This example demostrates how to use AOMP, which can compile programs that use OpenMP offloading.
The `vadd.cpp` source file contains a simple vector add source code. On line 35 there begins a loop performing the vector addition, which is annotated by several OpenMP constructs. The `target` construct makes the code execute on the GPU, `map` informs OpenMP about what data transfers should be done. The `teams` construct creates a league of teams, and `distribute` splits the for loop iterations between all teams, a lot like dividing work between threadblocks in CUDA/HIP. `parallel for` then creates several threads, which together work on the team's loop iterations, just like threads in a threadblock.

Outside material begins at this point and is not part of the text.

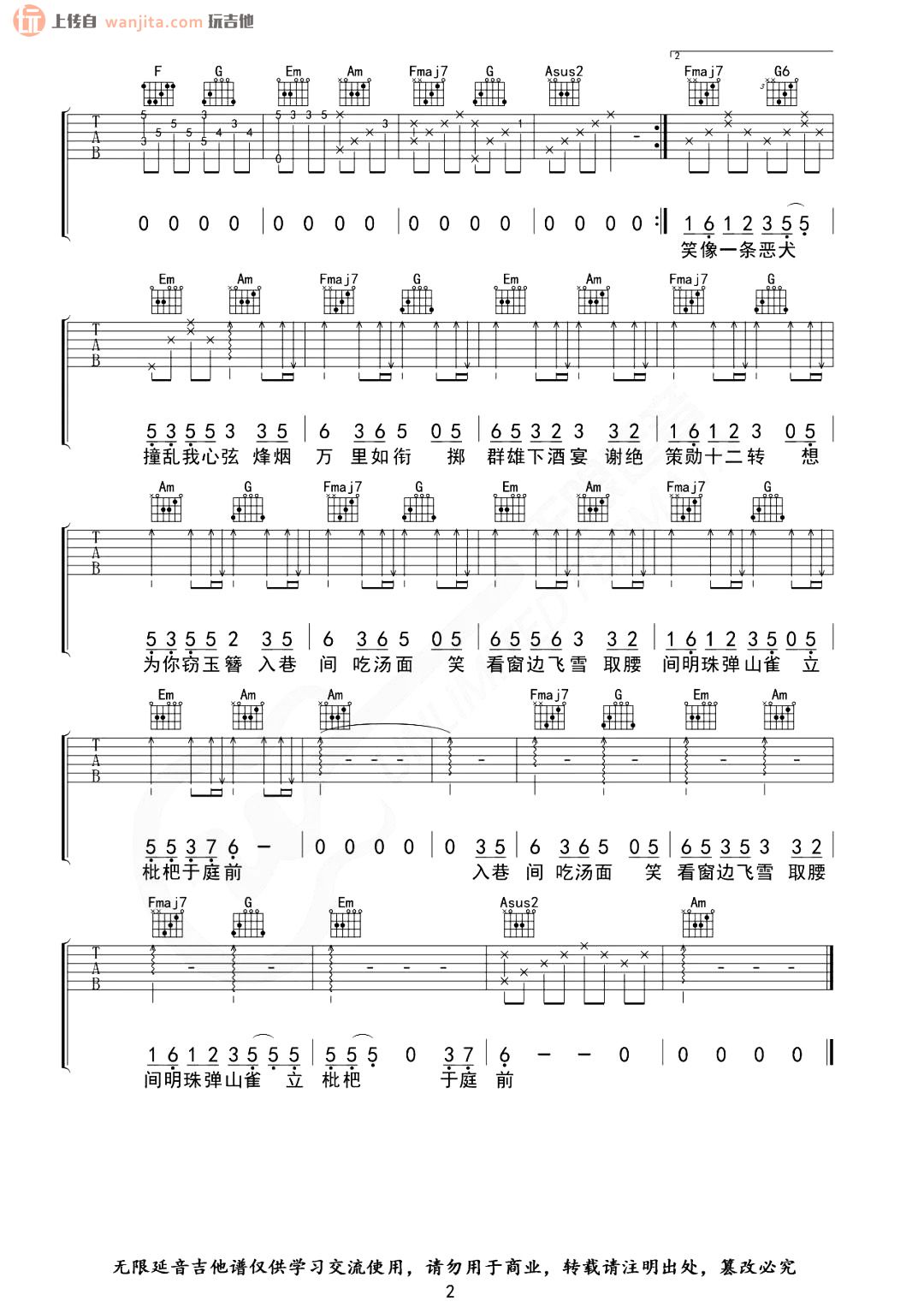 曲谱介绍: 盗将行C调六线谱,原调#C,变调夹夹1品。比较多的和弦让这首小清新的民谣歌曲略显有难度,不推荐新手练习,适合进阶练习,练习的时候需要注意左手和弦的变化。总共2张高清图片谱例,由小煊编配分享。

The code can be compiled using
```
aompcc vadd.cpp -o vadd.x
```
On machines with other than non-default GPU (default is Vega, gfx900), one would either `export AOMP_GPU=gfx908` or compile using `aompcc --offload-arch gfx908 vadd.cpp -o vadd.x` (for AMD Instinct MI100).
This example compares different OpenMP parallelization techniques of a simple algorithm calculating $\pi$ based on numerical integration and the fact that $\pi = \int_0^1 \frac{4}{1+x^2} \;\mathrm{d} x$.
The `pi_seq.cpp` source file contains sequential code of this algorithm, `pi_omp.cpp` is parallelized using OpenMP, `pi_omp_offload.cpp` uses OpenMP offloading, and `pi_hip.hip.cpp` is the same algorithm, but written in HIP. Compile the sources by `make` and run them all by `make run`. Watch how many different ways was the code compiled, what commands were used for the compilation, and compare the differences in computation time.